# Painting Eyes



## chrisb (Jan 3, 2008)

For 1:20 figures, I having trouble with the pupil. Gave up using a brush. I shapened a round tooth pick and dotted light blue iris's on each eye. 
My problem is getting a smaller black dot for the pupil. Any advice? I'm using acrylic Model Masters.


----------



## ThinkerT (Jan 2, 2008)

I found this to be one of the biggest pains with my few efforts into figure painting as well. I ended up using the tip of a needle (one of those sorts that infest new clothes) and I still couln't get it right half the time. Fortunately, those figures are now inside passenger cars, making detailed inspections of my blunders difficult.


----------



## stevedenver (Jan 6, 2008)

i have painted whites and pupils -if you get the proportion correct is makes a nice look-never tried an iris without it looking a bit google eyed 

what i do now is simply paint a pupil-ie a very small black dot in the eye area-sometimes not centered but looking aside 

usually the shadow area under the eyebrow ridge allows this to be quite effective 

no its not like the really finemilitary minaitures but it still seems to work for me 

i use a tiny brush 0000 and lightly thinned paint -dip and wipe and then paint 

ive tried pins, wires, etc and usually get too large a pupil and not the best control over placement either-hard to get enough paint or get the paint to simply 'stamp' thinnly and not over do it and get 'em the same 

less is more-its amazing how anything like a pupil will catch youre eye on a figure-


----------



## Torby (Jan 2, 2008)

Look at people as you're walking around outside. Unless you're close, you can't see their eyes. I often don't bother to paint eyes on my 1:29 figures. 

If I do paint eyes, I add just a touch of color for the eye color, then paint eyelids over most of it. I've never bothered with pupils ;p


----------



## Bruce Chandler (Jan 2, 2008)

I just use a wash to darken the eye area. I used to paint all that detail, but you can only see it in an extreme closeup.

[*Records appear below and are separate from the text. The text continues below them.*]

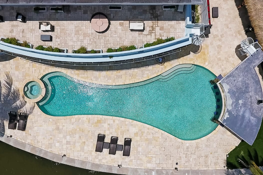 an immense 80 foot heated pool and jacuzzi marked by it’s stunning elliptical-hourglass shape as well as a
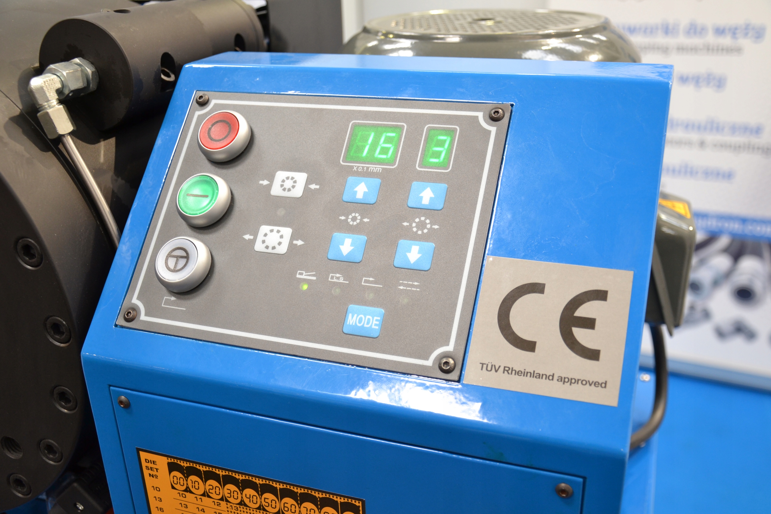 Остання модель обтискного верстата з управлінням цифровий (кнопки замість традиційного мікрометра) Цифрове управління забезпечує кращу та легшу роботу на прес-машині. Цифрова панель полегшує встановлення діаметра затискача - нам не потрібно повертати його мікрометр як у моделі P32q (один повний оборот мікрометра = 1 мм) У моделі P32D просто натисніть +1, щоб змінити діаметр на 1 мм. Користуватися цифровою пресою дуже просто та інтуїтивно зрозуміло. Цей хлопець zakuwarek з кожним роком стає все популярнішим. Сьогодні Більшість обтискних машин у Західній Європі мають цифрове керування. Преса має престижний сертифікат TUV SUD
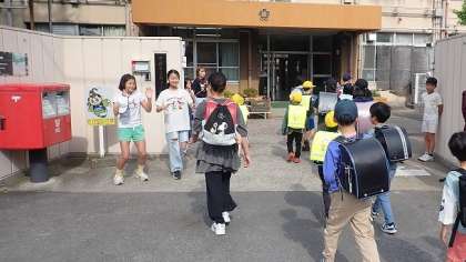 「いいことばの日」は、梅津中学校ブロック3校合同の取組です。今日も、梅津中学校の先輩が来てくださり、計画委員の子どもたちと一緒にあいさつをしてくださいました。今日1日、いいことばをたくさん使うことができたかな?
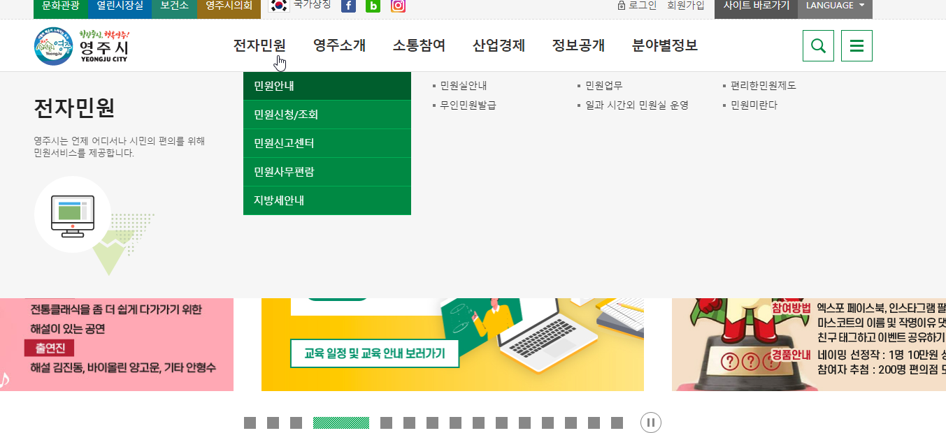 영주시청 홈페이지에서는 민원신청 및 조회, 지방세 안내, 민원사무편람, 무인민원발급 가능하고요.

Most of my viewing is done a bit further away. 

I just used a wash on this guy:


----------



## Totalwrecker (Feb 26, 2009)

paint the pupil first and then use a small tube to add the iris. Blow into the tube so just a ring will paint. I'd suggest a # oooo hypodermic needle ground flat. Remember the lamp you are using will cause the pupil to close so paint a tad oversize.... wink wink lol


----------



## altterrain (Jan 2, 2008)

You can't even see their eyes even up close. Half of these have a small black dot in the middle of the eye and the half don't. You can't tell the difference - 










-Brian


----------



## Totalwrecker (Feb 26, 2009)

Zombies! they're all Zombies! lol


----------



## Richard Weatherby (Jan 3, 2008)

I see, said the blind man as he picked up his hammer and saw.


----------



## rkapuaala (Jan 3, 2008)

I paint whites, iris's and pupils. You can very small brushes at most art stores that work just fine. The trick is 
steady handy, 
painting between breathes,
waiting for each part to dry. 
and following a sequence. I do the lashes first, but painting the hole eye the color of the lashes which is usually a the color of the hair mixed with the color of the flesh.

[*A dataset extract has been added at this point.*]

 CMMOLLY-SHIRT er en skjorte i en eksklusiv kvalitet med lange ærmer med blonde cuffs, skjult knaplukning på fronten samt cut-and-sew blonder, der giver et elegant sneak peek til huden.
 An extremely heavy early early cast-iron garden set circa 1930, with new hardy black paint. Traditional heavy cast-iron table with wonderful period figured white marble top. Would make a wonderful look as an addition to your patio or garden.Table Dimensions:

I wait till that dries and paint the cornea (whites of the eyes) but not white. The cornea is usually a little pinkish on some folks and a little yellowish on others and almost always has touches of grey or dark blue. The tone should be fairly close to the skin color on caucasian people, which makes it more prounounced on people of color.
I take artistic license and tone it down a little more on darker people so they don't look shocked,,, unless of course,,, I want them to look shocked.

Next I do the dark area around the iris, usually thats a daker value of the color of the iris. 
Then I do the iris,

And finally the pupil.
Thin your paints a little, and make sure that by the time you get to the iris and the pupil your brush isn't completely loaded with color, as that will always leach over to the surrounding areas.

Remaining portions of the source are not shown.